Let's Play Every Game Boy Color Game, Part 31
Ketto Transformers Beast Wars: Beast Senshi Saikyo Ketteisen (Transformer Production Company/Takara, 1999)
Robot fighting game, including a purple cheetah for some reason. The input lag is pretty bad.
Kidou Senkan Nadesico: Ruri Ruri Mahjong (Studio Saizensen/King Records, 1999)
Mahjong game with a huge amount of plot. Something about going around a spaceship and collecting stars by beating the crew members - who are all girls because this is anime - in mahjong. It's surprisingly difficult to find anyone who will play you at the start of the game.

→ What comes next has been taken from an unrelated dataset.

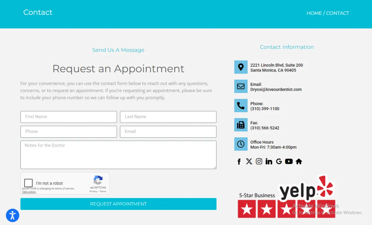 Appointment request form (Name, Phone, Email, Notes, reCAPTCHA) + contact details, social links, and Yelp 5-star badge.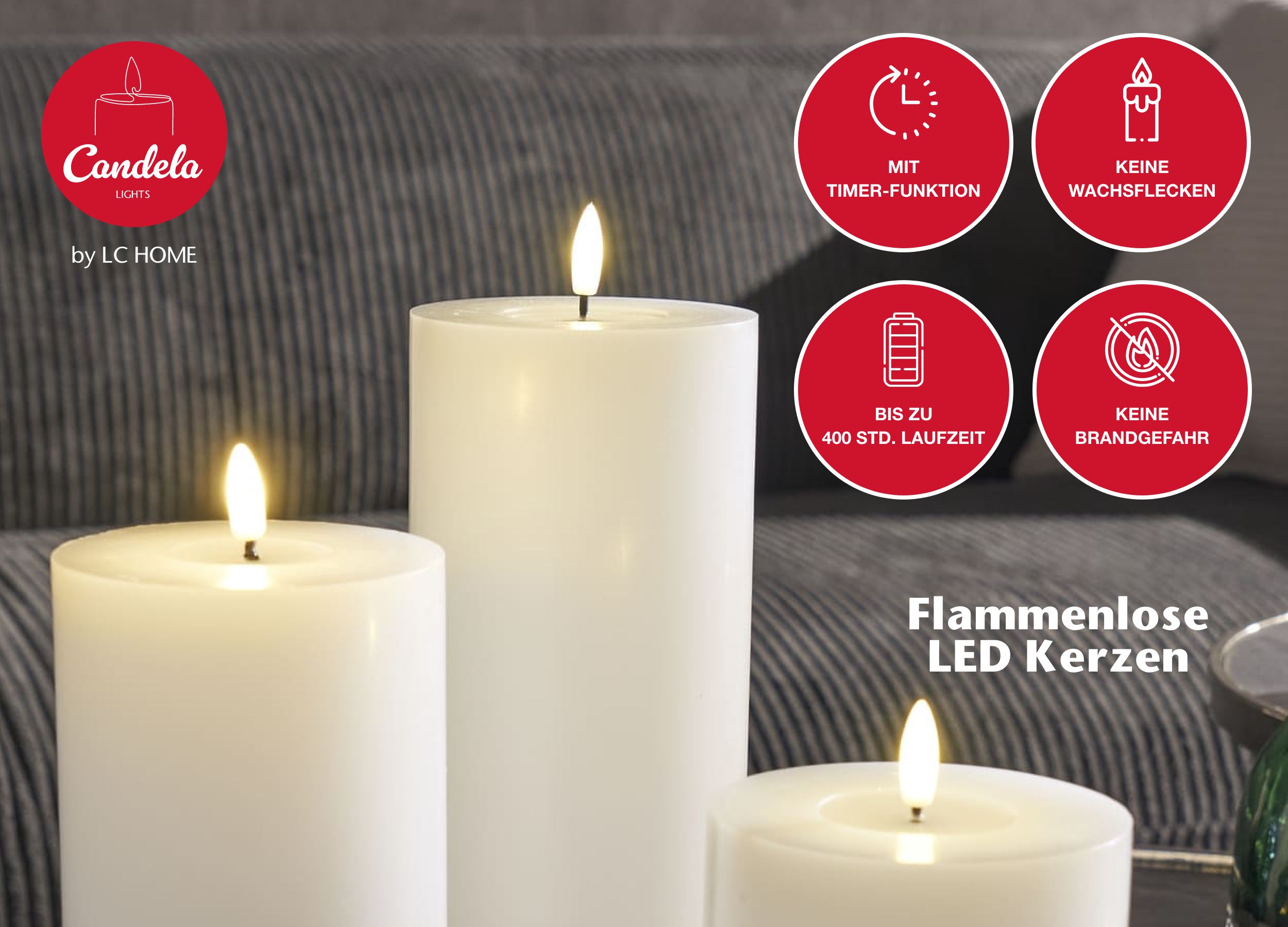 Candela Lights by LC Home sind hochwertige und handgefertigte Echtwachs LED Kerzen, die vor allem durch Ihre Qualität und Funktionalität zu beeindrucken wissen. Diese Echtwachskerzen mit LED Licht sind eine innovative und sichere Alternative zu herkömmlichen Wachskerzen und wirken so realistisch, dass die praktisch nicht von normal brennenden Kerzen zu unterscheiden sind.

Kindaichi Shounen no Jikenbo: 10nenme no Shoutaijou (Aspect/Banpresto, 2000)
A VN with great character models and fonts, but terrible backgrounds. I mashed through a lot of it before realizing it was a VN and there'd never be anything else, so unfortunately I don't really know what it's about. The characters travel to some kind of school and a creepy guy with silver hair shows up.
Kinniku Banzuke GB: Chousensha wa Kimida! (KCE Sapporo/Konami, 1999)
Basically a Ninja Warrior game. I love this idea, but the execution is off. You can't find out what you need to do on an obstacle until you're already on it, at which point you almost immediately fall off because you weren't already mashing b, spinning the dpad, or whatever else it wanted you to do. You'd have to just memorize the requirements for each obstacle, and unfortunately there's quite a lot of down time between attempted runs.
Kinniku Banzuke GB2: Mezase! Muscle Champion (Konami, 2000)
Same idea, but with an entirely new course and less downtime between runs. Unfortunately, it also introduces a really strange mechanic where your movement seems to change arbitrarily between obstacles. It's just the dpad until this fence, but then after that you need to mash A and B to run.
Kinniku Banzuke GB3: Shinseiki Survival Retsuden! (Konami, 2001)
And then we have the third game, which opens by bringing back the original course with much shinier graphics. Unfortunately, it also brings back all the downtime and doesn't fix any of the communication issues. I have to imagine these games came with manuals that they were assuming you'd have read before trying the course.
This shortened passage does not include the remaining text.